== ABOUT THIS EXERCISE ==
Only the text carries over: repeat the records exactly and drop the images.

== RECORD SET ==
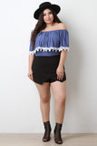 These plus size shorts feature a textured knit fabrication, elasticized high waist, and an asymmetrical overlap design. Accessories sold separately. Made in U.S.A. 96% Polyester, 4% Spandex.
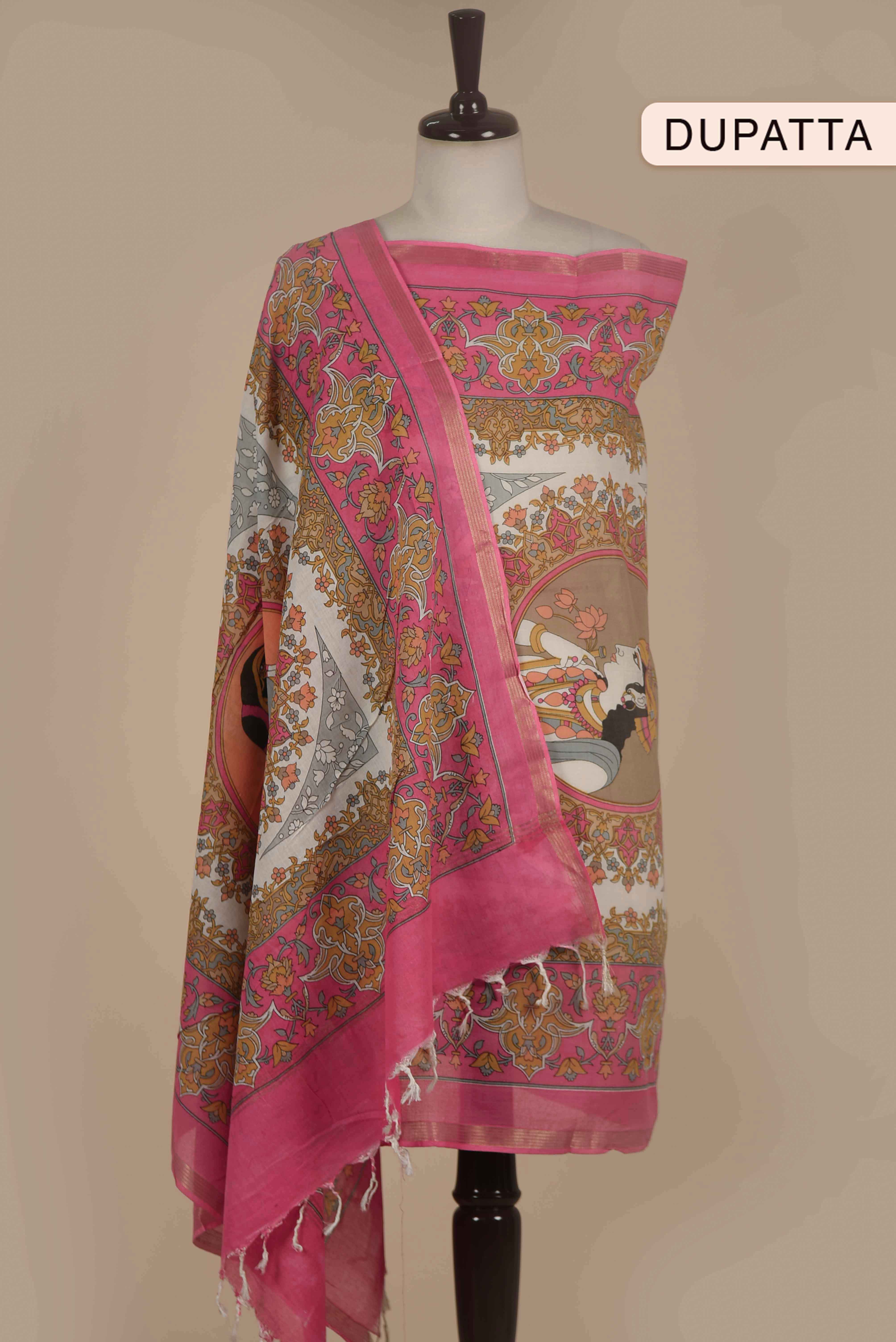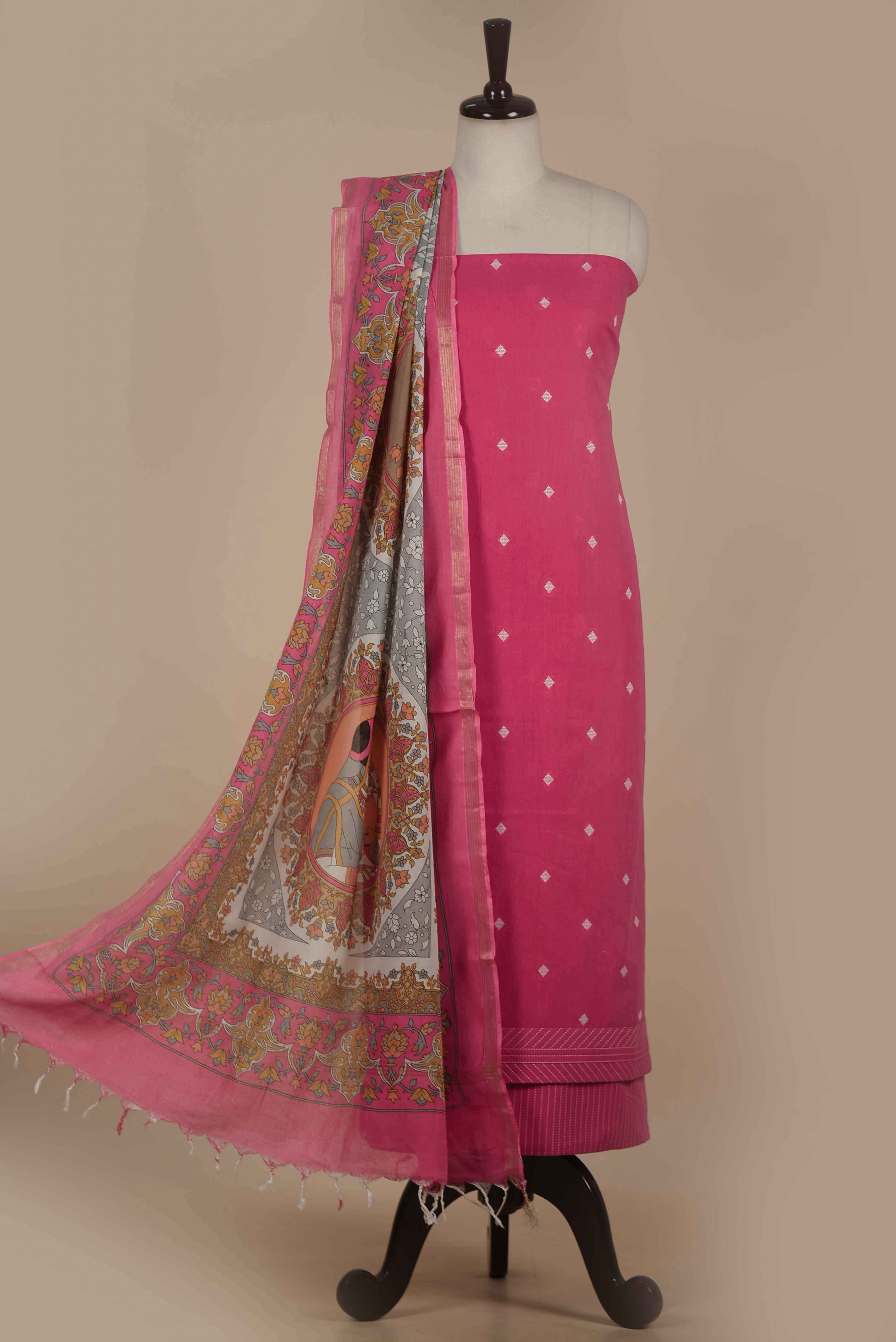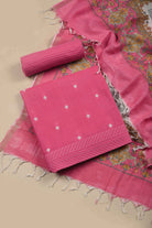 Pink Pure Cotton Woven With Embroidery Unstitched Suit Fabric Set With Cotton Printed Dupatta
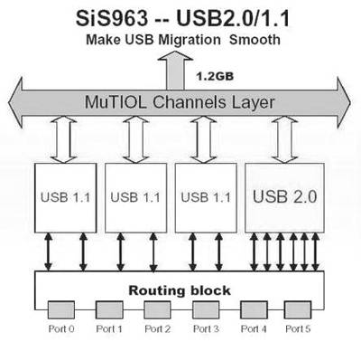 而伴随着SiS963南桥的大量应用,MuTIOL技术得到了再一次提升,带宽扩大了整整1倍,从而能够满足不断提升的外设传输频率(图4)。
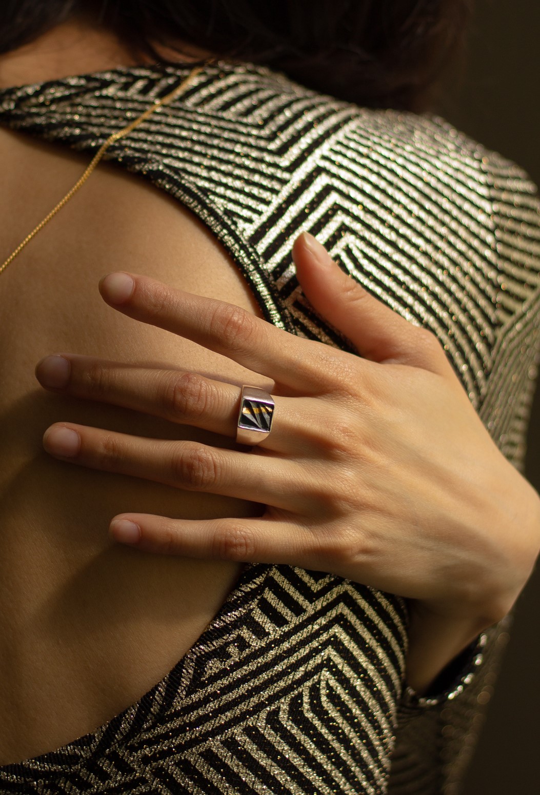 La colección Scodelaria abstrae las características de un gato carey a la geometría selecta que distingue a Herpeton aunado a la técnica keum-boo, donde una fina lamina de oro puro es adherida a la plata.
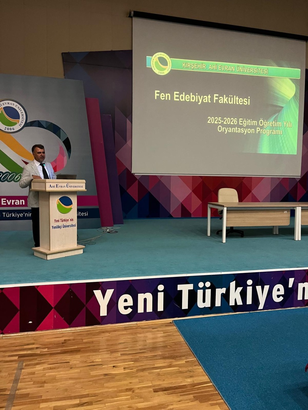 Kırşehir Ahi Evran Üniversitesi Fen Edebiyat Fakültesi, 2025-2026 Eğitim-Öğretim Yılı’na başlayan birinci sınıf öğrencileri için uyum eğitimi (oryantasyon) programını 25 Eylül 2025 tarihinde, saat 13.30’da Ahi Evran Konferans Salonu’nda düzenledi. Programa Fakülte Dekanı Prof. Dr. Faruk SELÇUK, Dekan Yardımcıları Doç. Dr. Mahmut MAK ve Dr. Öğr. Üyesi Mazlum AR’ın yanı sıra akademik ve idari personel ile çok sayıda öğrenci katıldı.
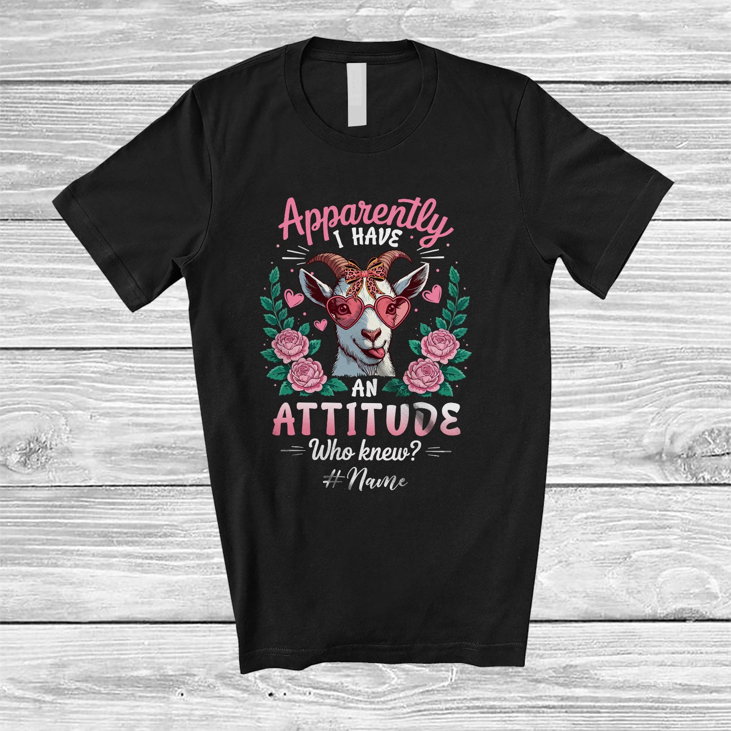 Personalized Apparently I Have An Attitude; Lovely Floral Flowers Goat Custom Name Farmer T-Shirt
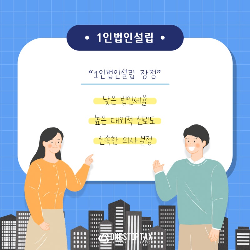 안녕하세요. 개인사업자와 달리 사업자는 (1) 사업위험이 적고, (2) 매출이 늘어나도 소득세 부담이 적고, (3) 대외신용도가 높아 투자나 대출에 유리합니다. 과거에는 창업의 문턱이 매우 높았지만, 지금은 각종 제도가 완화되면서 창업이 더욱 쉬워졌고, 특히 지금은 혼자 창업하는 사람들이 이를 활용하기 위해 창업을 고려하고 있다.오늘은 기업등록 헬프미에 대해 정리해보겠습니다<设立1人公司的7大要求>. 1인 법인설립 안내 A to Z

== TASK SOLUTION ==
 These plus size shorts feature a textured knit fabrication, elasticized high waist, and an asymmetrical overlap design. Accessories sold separately. Made in U.S.A. 96% Polyester, 4% Spandex.
 Pink Pure Cotton Woven With Embroidery Unstitched Suit Fabric Set With Cotton Printed Dupatta
 而伴随着SiS963南桥的大量应用,MuTIOL技术得到了再一次提升,带宽扩大了整整1倍,从而能够满足不断提升的外设传输频率(图4)。
 La colección Scodelaria abstrae las características de un gato carey a la geometría selecta que distingue a Herpeton aunado a la técnica keum-boo, donde una fina lamina de oro puro es adherida a la plata.
 Kırşehir Ahi Evran Üniversitesi Fen Edebiyat Fakültesi, 2025-2026 Eğitim-Öğretim Yılı’na başlayan birinci sınıf öğrencileri için uyum eğitimi (oryantasyon) programını 25 Eylül 2025 tarihinde, saat 13.30’da Ahi Evran Konferans Salonu’nda düzenledi. Programa Fakülte Dekanı Prof. Dr. Faruk SELÇUK, Dekan Yardımcıları Doç. Dr. Mahmut MAK ve Dr. Öğr. Üyesi Mazlum AR’ın yanı sıra akademik ve idari personel ile çok sayıda öğrenci katıldı.
 Personalized Apparently I Have An Attitude; Lovely Floral Flowers Goat Custom Name Farmer T-Shirt
 안녕하세요. 개인사업자와 달리 사업자는 (1) 사업위험이 적고, (2) 매출이 늘어나도 소득세 부담이 적고, (3) 대외신용도가 높아 투자나 대출에 유리합니다. 과거에는 창업의 문턱이 매우 높았지만, 지금은 각종 제도가 완화되면서 창업이 더욱 쉬워졌고, 특히 지금은 혼자 창업하는 사람들이 이를 활용하기 위해 창업을 고려하고 있다.오늘은 기업등록 헬프미에 대해 정리해보겠습니다<设立1人公司的7大要求>. 1인 법인설립 안내 A to Z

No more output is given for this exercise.